Work to be completed - Retype, exactly and completely, the listing that comes next, skipping its images.

Supplied data -
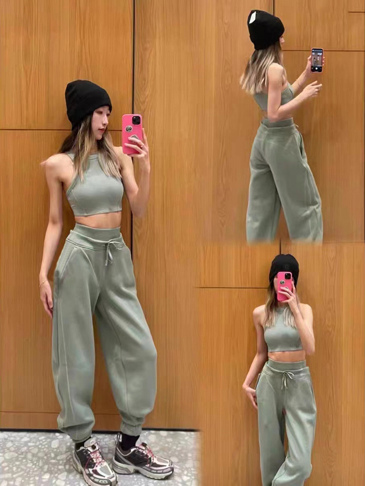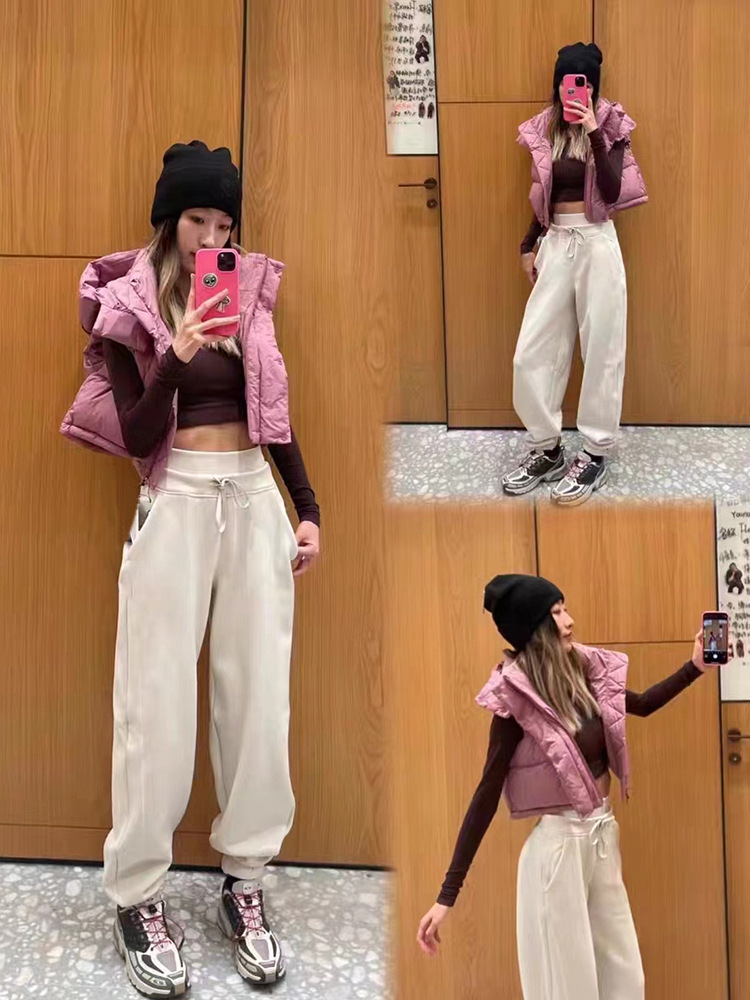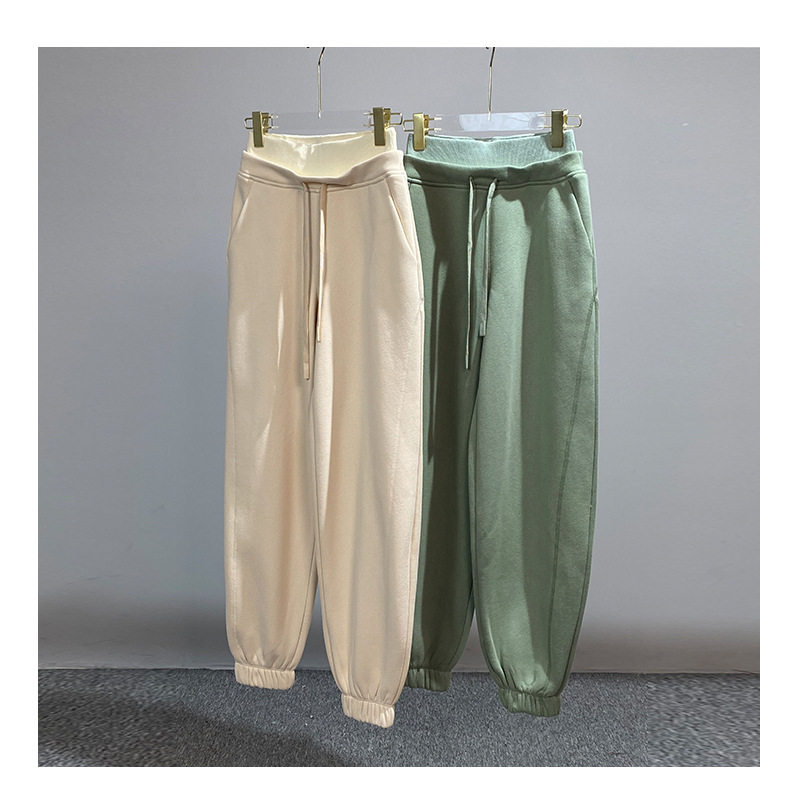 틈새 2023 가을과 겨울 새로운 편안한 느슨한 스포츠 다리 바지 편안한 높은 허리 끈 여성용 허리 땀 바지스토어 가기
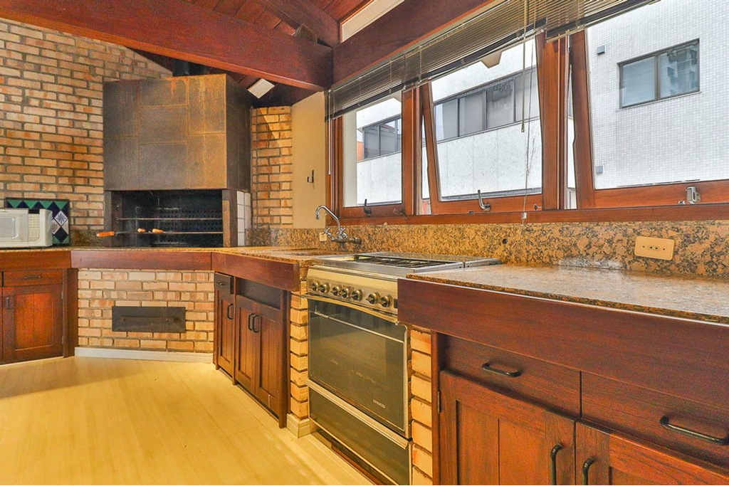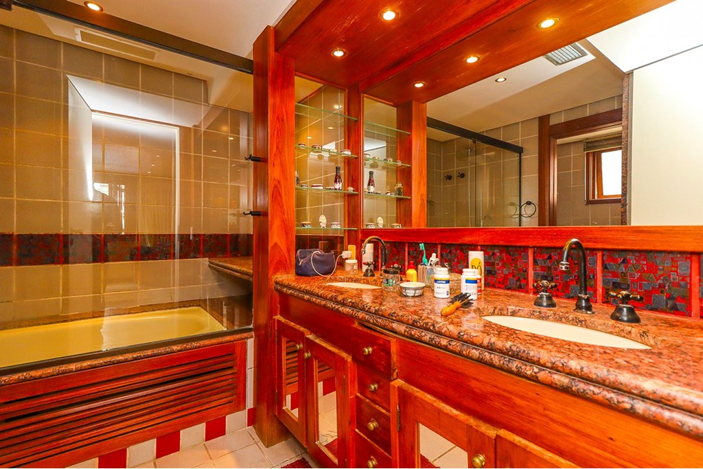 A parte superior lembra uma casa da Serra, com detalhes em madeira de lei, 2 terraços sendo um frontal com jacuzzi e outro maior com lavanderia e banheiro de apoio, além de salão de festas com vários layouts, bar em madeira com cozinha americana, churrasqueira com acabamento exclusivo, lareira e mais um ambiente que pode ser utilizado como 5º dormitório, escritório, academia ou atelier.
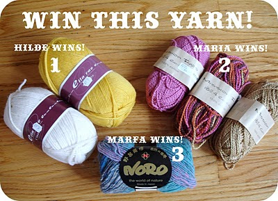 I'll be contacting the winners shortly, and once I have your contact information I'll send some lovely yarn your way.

Problem solution -
 틈새 2023 가을과 겨울 새로운 편안한 느슨한 스포츠 다리 바지 편안한 높은 허리 끈 여성용 허리 땀 바지스토어 가기
 A parte superior lembra uma casa da Serra, com detalhes em madeira de lei, 2 terraços sendo um frontal com jacuzzi e outro maior com lavanderia e banheiro de apoio, além de salão de festas com vários layouts, bar em madeira com cozinha americana, churrasqueira com acabamento exclusivo, lareira e mais um ambiente que pode ser utilizado como 5º dormitório, escritório, academia ou atelier.
 I'll be contacting the winners shortly, and once I have your contact information I'll send some lovely yarn your way.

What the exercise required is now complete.